==== Exercise data ====

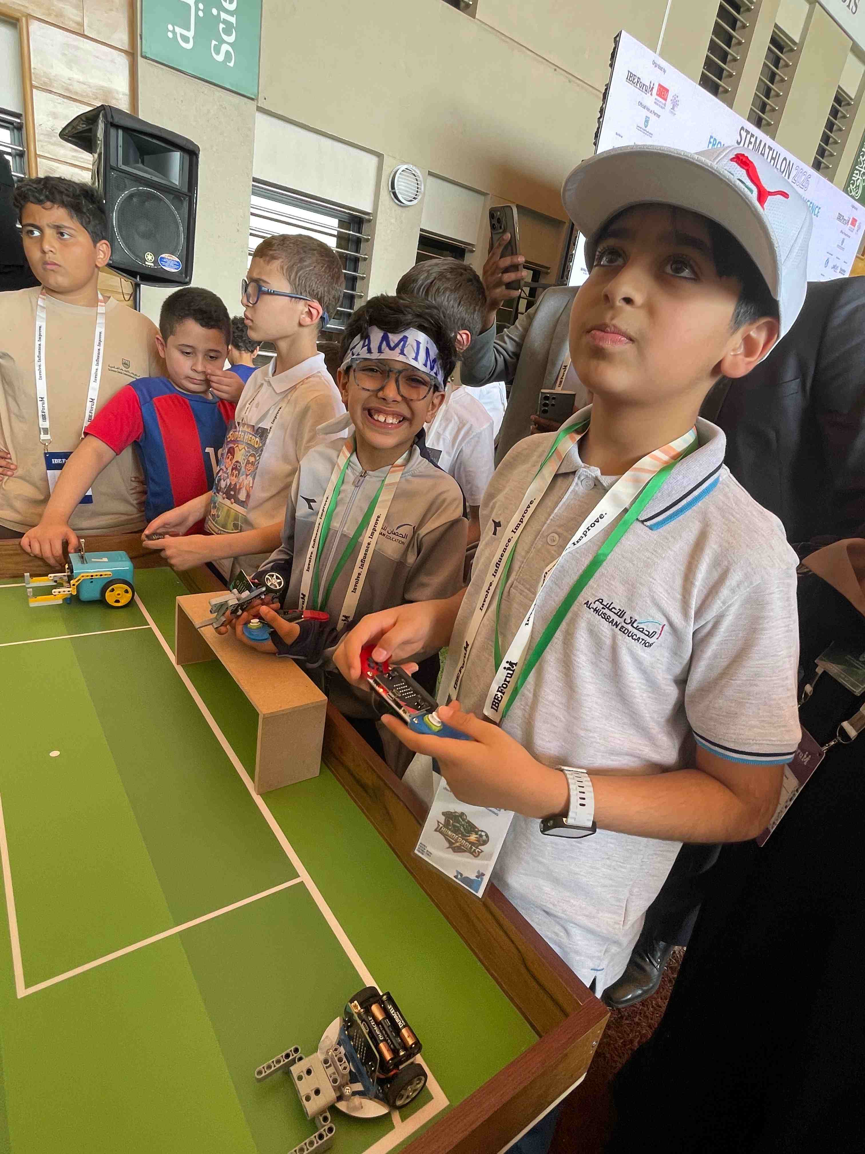 Al-Hussan International Model Schools-Riyadh, “Boys’ Section,” students of the fifth and sixth grades of primary school, participated in the STEMATHLON 2026 football competition using the robot. The students expressed their great happiness for taking on this challenge, which they benefited greatly from, and expressed their desire to take on more similar challenges to learn everything new in the world of robotics and programming.
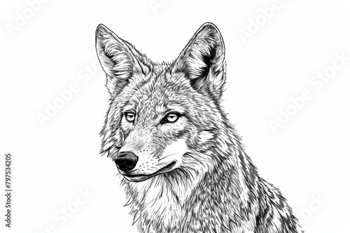 Fototapeta premium Bold Black and White Coyote Ink Drawing Sketch__
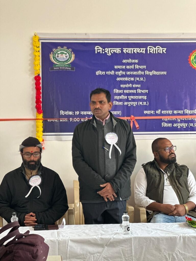 अमरकंटक – मां नर्मदा जी की उद्गम स्थली / पवित्र नगरी अमरकंटक के इंदिरा गांधी राष्ट्रीय जनजातीय विश्वविद्यालय (IGNTU) , अमरकंटक के समाज कार्य विभाग ने 19 नवम्बर 2025 को माँ शारदा कन्या विद्यापीठ , पोंडकी , अनुपपुर जिले में एक चिकित्सा शिविर का आयोजन किया था । इस शिविर का उद्देश्य आसपास की जनजातीय बस्तियों के लोगों को निःशुल्क स्वास्थ्य जाँच और आवश्यक चिकित्सा सेवाएँ प्रदान करना था । यह शिविर पुष्पराजगढ़ तहसील के ब्लॉक चिकित्सा कार्यालय के सहयोग से आयोजित किया गया था , जिसमें पोंडकी , भंडाकोना , कोगा , हर्राटोला और लालपुर सहित आस-पास के गाँवों के कुल 216 लोगों ने स्वास्थ्य सेवाओं का लाभ उठाया ।
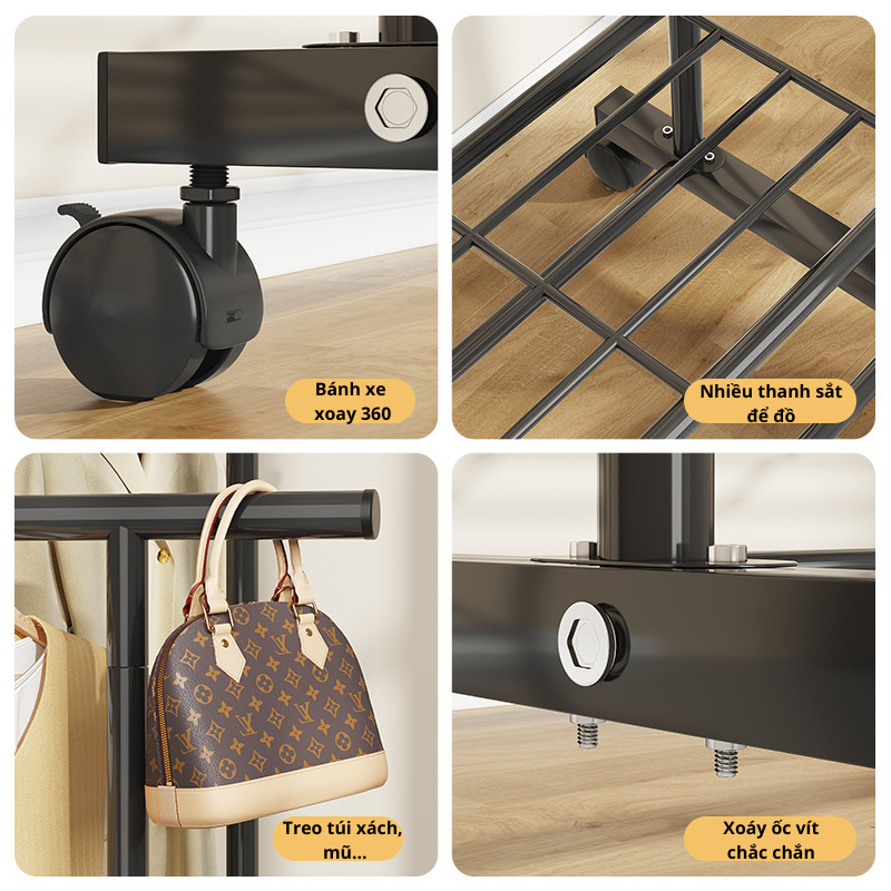 -Kết cấu độc đáo với vòm tròn giúp kệ tăng phần chịu lực tốt và đặc biệt giúp tối ưu được quần áo trong căn phòng trở nên gọn gàng nhất.

====

What the task requires: Reproduce the lines above exactly, image-free.

The answer:
 Al-Hussan International Model Schools-Riyadh, “Boys’ Section,” students of the fifth and sixth grades of primary school, participated in the STEMATHLON 2026 football competition using the robot. The students expressed their great happiness for taking on this challenge, which they benefited greatly from, and expressed their desire to take on more similar challenges to learn everything new in the world of robotics and programming.
 Fototapeta premium Bold Black and White Coyote Ink Drawing Sketch__
 अमरकंटक – मां नर्मदा जी की उद्गम स्थली / पवित्र नगरी अमरकंटक के इंदिरा गांधी राष्ट्रीय जनजातीय विश्वविद्यालय (IGNTU) , अमरकंटक के समाज कार्य विभाग ने 19 नवम्बर 2025 को माँ शारदा कन्या विद्यापीठ , पोंडकी , अनुपपुर जिले में एक चिकित्सा शिविर का आयोजन किया था । इस शिविर का उद्देश्य आसपास की जनजातीय बस्तियों के लोगों को निःशुल्क स्वास्थ्य जाँच और आवश्यक चिकित्सा सेवाएँ प्रदान करना था । यह शिविर पुष्पराजगढ़ तहसील के ब्लॉक चिकित्सा कार्यालय के सहयोग से आयोजित किया गया था , जिसमें पोंडकी , भंडाकोना , कोगा , हर्राटोला और लालपुर सहित आस-पास के गाँवों के कुल 216 लोगों ने स्वास्थ्य सेवाओं का लाभ उठाया ।
 -Kết cấu độc đáo với vòm tròn giúp kệ tăng phần chịu lực tốt và đặc biệt giúp tối ưu được quần áo trong căn phòng trở nên gọn gàng nhất.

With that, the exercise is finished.